### ABOUT THIS EXERCISE
Omit any pictures, and restate word for word only the lines from the one with "Inline assembly example: 1" through the end of the data below.

____

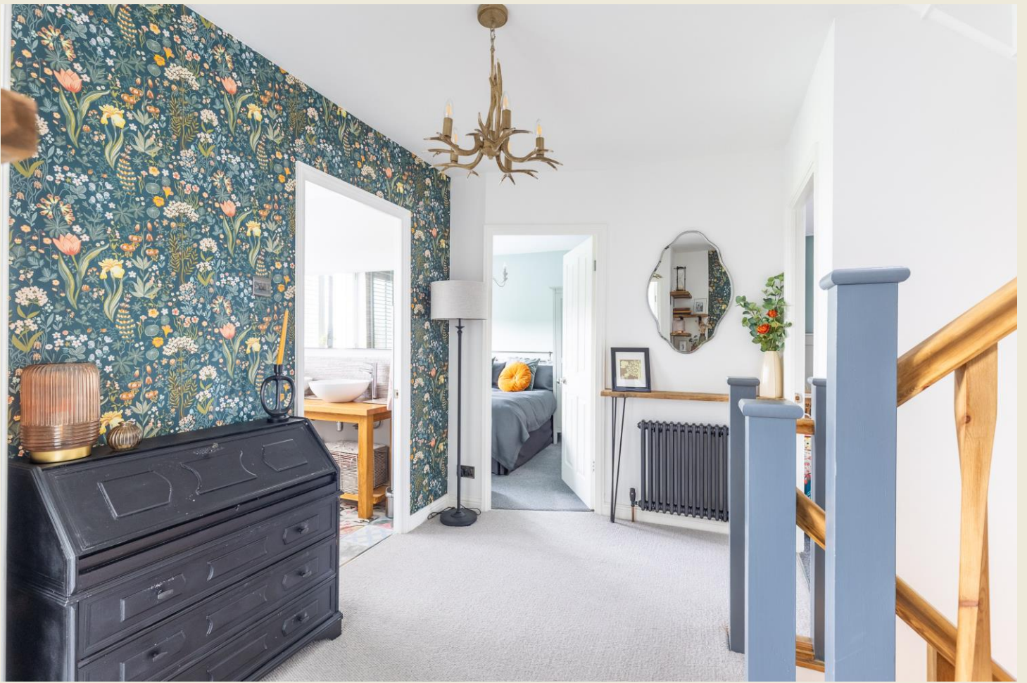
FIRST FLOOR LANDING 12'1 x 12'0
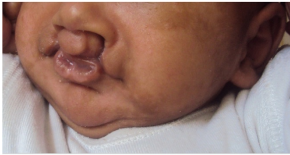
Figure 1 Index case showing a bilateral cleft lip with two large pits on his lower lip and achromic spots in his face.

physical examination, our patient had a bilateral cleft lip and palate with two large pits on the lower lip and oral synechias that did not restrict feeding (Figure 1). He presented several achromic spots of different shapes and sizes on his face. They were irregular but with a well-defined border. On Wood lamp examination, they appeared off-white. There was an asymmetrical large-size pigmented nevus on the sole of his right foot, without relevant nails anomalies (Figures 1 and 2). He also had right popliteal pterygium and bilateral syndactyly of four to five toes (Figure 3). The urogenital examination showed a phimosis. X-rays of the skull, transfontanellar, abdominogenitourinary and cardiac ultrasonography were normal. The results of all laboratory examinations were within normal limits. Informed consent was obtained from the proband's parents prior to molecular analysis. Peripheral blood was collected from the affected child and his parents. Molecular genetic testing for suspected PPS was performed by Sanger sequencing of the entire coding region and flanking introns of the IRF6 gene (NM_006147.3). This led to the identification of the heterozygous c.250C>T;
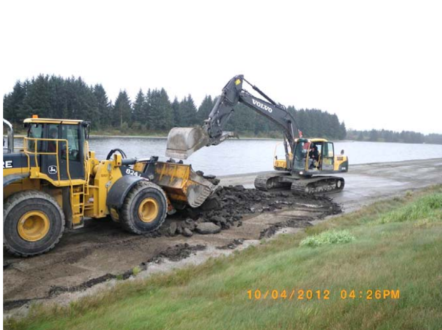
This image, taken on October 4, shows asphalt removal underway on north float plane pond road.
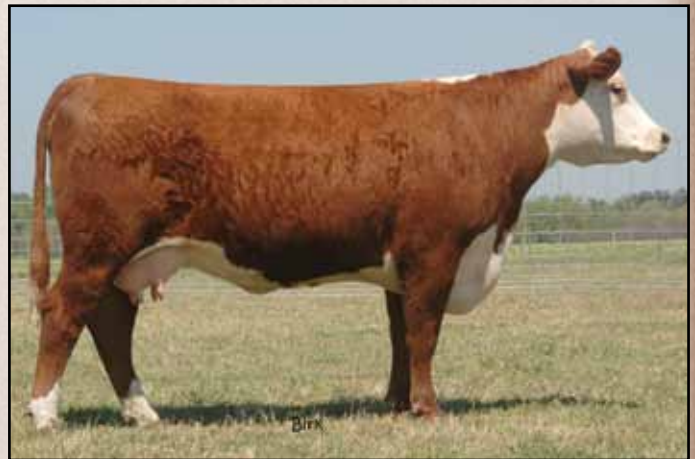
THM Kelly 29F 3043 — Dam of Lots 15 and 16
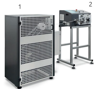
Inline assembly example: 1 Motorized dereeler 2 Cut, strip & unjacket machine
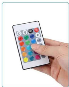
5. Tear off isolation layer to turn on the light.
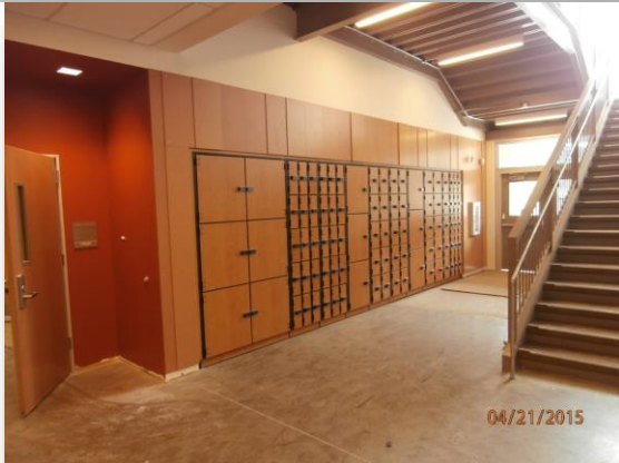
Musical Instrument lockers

____

### TASK SOLUTION
Inline assembly example: 1 Motorized dereeler 2 Cut, strip & unjacket machine
5. Tear off isolation layer to turn on the light.
Musical Instrument lockers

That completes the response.